Золи слышит пение птиц и не сразу понимает, что оно доносится из громкоговорителей. До чего изменился мир и до чего же мало он изменился! Она медленно проходит через вращающийся турникет, и дверь едва не ударяет ее по пятке. Золи дюйм за дюймом продвигается вперед, дверь движется вместе с ней, и ей кажется, что она попала в колесо водяной мельницы.

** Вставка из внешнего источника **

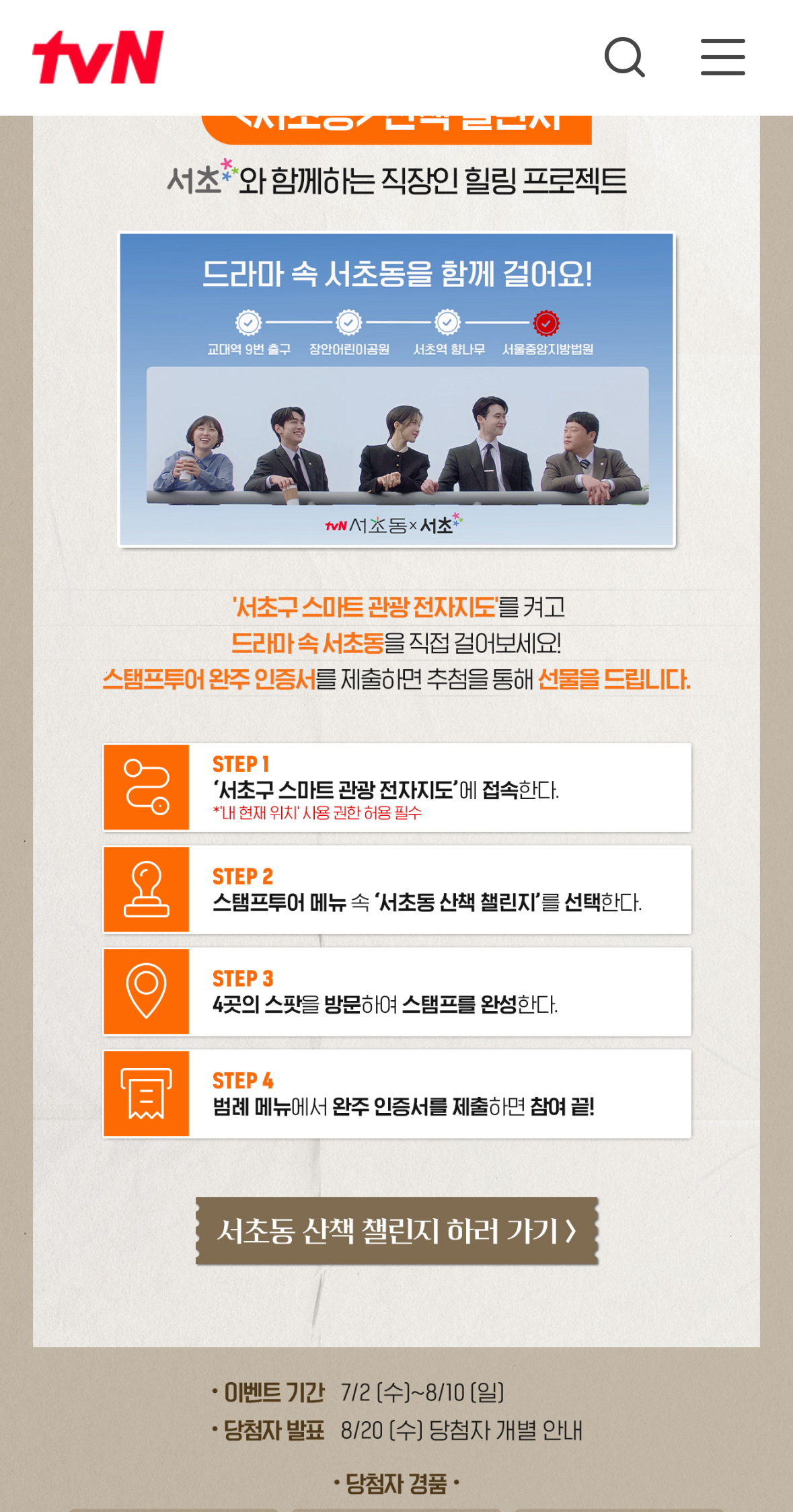 서초구청과 tvN이 공동 기획한 지역 참여형 걷기 이벤트입니다.

— Ненавижу эти двери, — говорит Франческа и ведет Золи по коридору, мимо небольших плакатов, туда, где перед конференц-залом, отделанным большими коричневыми панелями, красуется гигантская копия буклета, который видела Золи.

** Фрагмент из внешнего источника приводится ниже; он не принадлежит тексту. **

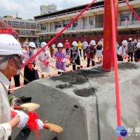 彰化高商「廣藝館」新建工程動土,總統府資政姚嘉文、教育部政務次長范巽綠、彰化縣長王惠美、彰化高商校長粘淑真等人進行動土儀式。圖/記者鄧富珍攝

Золи узнает сотрудников Франчески, их широкие улыбки. Среди них несколько своих — цыган всегда узнает своих, — в мельтешении лиц она замечает их быстрые взгляды. «Мой язык», — думает Золи. Она слышит обрывки родной речи. Ноги становятся словно ватные. Она шатается. У нее в руке появляется стакан с водой.
Золи пьет воду и вдруг чувствует пустоту. Зачем такая суета? К чему волноваться? Почему не вернуться обратно в долину, чтобы наблюдать, как солнце заходит за оконную раму?

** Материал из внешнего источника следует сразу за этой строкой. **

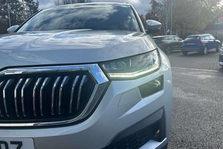 Bluetooth system, E-call, ECO Stop/start function, Exterior temperature indicator, Rear view camera, Smartlink wireless for apple carplay and wired for android auto, Speed limiter, Tailgate unlocking from outside, USB C Port x 2 in front centre console, Wireless charging, 8 Speakers, DAB Digital radio, Aero front windscreen wipers with intermittent function, Aero rear window wiper, Auto dimming rear view mirror, Black wheel arch surrounds, Body colour bumpers, Body colour door mirrors and handles, Chrome front grille, Chrome roof rails with chrome window surround, Daytime running lights, Electric adjustable/heated/folding door mirrors, driver side auto dimming with boarding sports and memory function, Electric front and rear windows, Extended rear spoiler with finlets in gloss black, Front fog lights, Full LED matrix headlights with AFS (adaptive front light system), cornering function and AWL (all weather lighting system), Headlight washers, Heated rear window, Invisible tailpipe, LED rear fog light, LED third brake light in rear spoiler, Light assistant (coming/leaving home/tunnel light), Off-road style lower front bumper element, Privacy glass, Rain and light sensors, Rear LED lights (high functionality) with welcome effect and dynamic indicators, Rear side wing doors, Safety reflectors on front and rear doors, Window control switches with black trim, 12V socket in boot, 2 rails with 2 hooks, 2 seat bench in 3rd row, 3 seat bench in 2nd row, 4 foldable roof handles with rear coat hooks, 60:40 foldable rear seat with sliding adjustment and backrest angle adjustment, Bottle holders in door panel in the 1.5 litre front and 1 litre rear, Cargo storage compartments, Chrome headlight control button, Chrome interior door handles, Coat hooks on B pillar, Covered storage compartment on driver side, Decorative door sills in the front and rear, Front centre armrest with storage compartment, cup holder and 12V socket, Front courtesy lights, Gear shift lever with chrome frame and black gloss insert, Grey stitching in front and rear armrests and door armrests + door inserts, Height adjustable front headrests, Illuminated and cooled glovebox, Illuminated luggage compartment, Isofix child seat fittings in outer rear seats with top tether, Manually adjustable steering column, Net programme in boot (1x horizontal Net, 2x vertical Nets), Overhead glasses storage compartment, Pollen filter, Rear centre armrest with cupholders, Single front passenger seat, Sliding trunk cover, Small Bags on the inner sides of the front backrests, Sunvisors with illuminated vanity mirrors, Three rear height adjustable headrests, Ticket holder on A Pillar, Umbrella in door panel, Variable boot floor, Auto door release and activation of warning lights in the event of an accident, Child locks on rear doors, Driver and front passenger airbag with knee airbag and front passenger airbag deactivation, Electronic parking brake with hill start assist, Emergency rear braking signal, ESC (incl. ABS+MSR+ASR+EDS+HBA+DSR+RBS+MKB), Front assist with autonomous emergency braking, Front side airbags with curtain airbags, Fuel cut off safety device, Height adjustable front 3 point seatbelts + pretensioners, Hill hold control, Rear disc brakes, Safety vest holder in door, Seat belt reminder for all seats, Three point rear seat belts, Two tone horn, Tyre pressure monitor, Alarm with interior monitoring and tilt sensor with safe function, Anti-theft wheel bolts, Immobiliser, Keyless entry and start system (KESSY), Remote central locking with 2 keys, Grey stitching in dashboard, Linear diamonds decorative inserts, Temporary spare wheel (space saver),

В коридоре она видит Генри. Размахивая руками, он разговаривает с высоким мужчиной в белой шляпе с лентой.
— Это тот поэт, — шепчет Франческа. — А вон там один из наших главных меценатов, я тебя потом познакомлю. А эта девушка из «Пари-Матч», журналистка, разве не прелесть?
Все лица, кажется, сливаются воедино. Золи и хотела бы рассердиться, но у нее нет на это сил. Ей хочется ухватиться хоть за что-нибудь — за столбик, за розовый куст, за нарочито грубую деревянную ограду, за руку дочери, за что угодно.
— Мам?..
— Да-да, все в порядке.
Раздается звонок, и Франческа ведет Золи по коридору в бальный зал. Там расставлены круглые столы со сверкающими приборами и аккуратно сложенными салфетками.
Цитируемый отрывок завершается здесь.